##### Concatenate North American(exclude Alaska) and Mexican BumbleBee data

Combining tables in SAS is like worker bees stacking honeycombs—each dataset adding its own golden sweetness. With SET statements or PROC APPEND, you can seamlessly merge observations into a thriving hive of insights. Let’s get buzzing! 🐝

Know thy data using PROC CONTENTS. Before concatenating tables, first ensure that both datasets have the same structure (i.e., same variable names and types).

In [1]:
proc contents data=dst1;
run;
proc contents data=dst2;
run;

SyntaxError: invalid syntax (2613055050.py, line 1)

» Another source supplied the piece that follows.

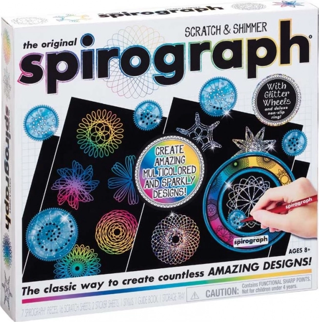Kreatives Spirograph-Set, mit dem Sie unzählige, farbenfrohe Mandalas gestalten können. Im Set Scratch&Shimmer werden die Mandalas mit einem Kunststoff-Gravierstift herausgekratzt. Wählen Sie einfach zwischen Regenbogen- und Glitzerpapier. Der Packungsinhalt umfasst:

Concatenate the North American and Mexican Bumblebee data using the SET statement

In [None]:
data dsconc;
set dst1 dst2;
run;

Why did the concatenation fail?

During the Access phase, we used PROC IMPORT to convert CSVs into SAS datasets. By default, PROC IMPORT "guesses" the data structure by examining the first 20 rows to determine variable types and lengths. It assigns the most prevalent data type (numeric or character) to each column. If most of the first 20 rows are missing, SAS defaults to the character data type, and any subsequent numeric values are set to missing. This is why the column occurenceID defined as Character in the Mexican bumblebee data conflicts with the numeric OccurenceId in the North American Bumblebee dataset.   The DATA step, however, offers more control, granularity, and precision for importing data

In [None]:
ata dst1;
infile "/workspaces/myfolder/SASPythonDataScientists/pattern_decline_N_American_Bumblebees.csv"  dsd firstobs=2;
input 
id 
institutionCode : $8. 
collectionCode : $4. 
basisOfRecord : $17.  
occurrenceID :$9.
catalognumber: $12. 
recordedBy $
year
month 
day 
country :$6. 
stateProvince  : $16.
county : $17.
locality  : $37. 
verbatimLatitude  
verbatimLongitude 
identifiedBy : $18.
scientificName  : $20. 
kingdom  : $8. 
phylum  : $10. 
class : $7. 
order  : $11. 
family  : $6. 
genus :  $6. 
specificEpithet : $13. 
scientificNameAuthorship : $13. 
;

run;


data dst2;
infile "/workspaces/myfolder/SASPythonDataScientists/pattern_decline_Mexican_Bumblebees.csv"  dsd firstobs=2;
input 
id 
institutionCode : $8. 
collectionCode : $4. 
basisOfRecord : $17.  
occurrenceID :$9.
catalognumber: $12. 
recordedBy $
year
month 
day 
country :$6. 
stateProvince  : $16.
county : $17.
locality  : $37. 
verbatimLatitude  
verbatimLongitude 
identifiedBy : $18.
scientificName  : $20. 
kingdom  : $8. 
phylum  : $10. 
class : $7. 
order  : $11. 
family  : $6. 
genus :  $6. 
specificEpithet : $13. 
scientificNameAuthorship : $13. 
;
run;

Now lets see the metadata of the 2 tables, and pay careful attention to the offending type mismatch of the column OccurenceId

In [None]:
proc contents data=dst1 varnum;
run;
proc contents data=dst2 varnum;
run;

Let's now concatenate the 2 tables (filtering out Alaska from the North American Dataset)

In [None]:
data dsconc;
set dst1(where=(country <> 'Alaska')) dst2;
run;

🐝 Merging Datasets: A Bumble Bee Bonanza! 🐝

Just like bees waggle, not recite Latin, our data needs common names, not just Bombus jargon. So, we’ll merge our North American & Mexican dataset with a lookup table—letting SAS do the heavy lifting while our data buzzes with clarity! 🍯✨ 

The term “bumblebee” traces its roots to the word bumble, meaning to hum or buzz — a fitting nod to the sound these vital pollinators make. Their scientific name, Bombus, was introduced in 1802 and is derived from Latin and Greek words for a buzzing sound.

In [None]:
proc contents data=dsconc;
run;

In [None]:
proc contents data=dst3;
run;

In [None]:
data dsmerge;
    merge dsconc dst3;
    by scientificname;
run;

prepping the datasets for merge by running a PROC SORT

In [None]:
proc sort data=dsconc;
    by scientificname;
run;
proc sort data=dst3;
by scientificname;
run;

In [None]:
data dsmerge;
    merge dsconc(in=inc) dst3(in=ind);
    by scientificname;
    if inc and ind;
run;

In [None]:
proc contents data=dsmerge;
run;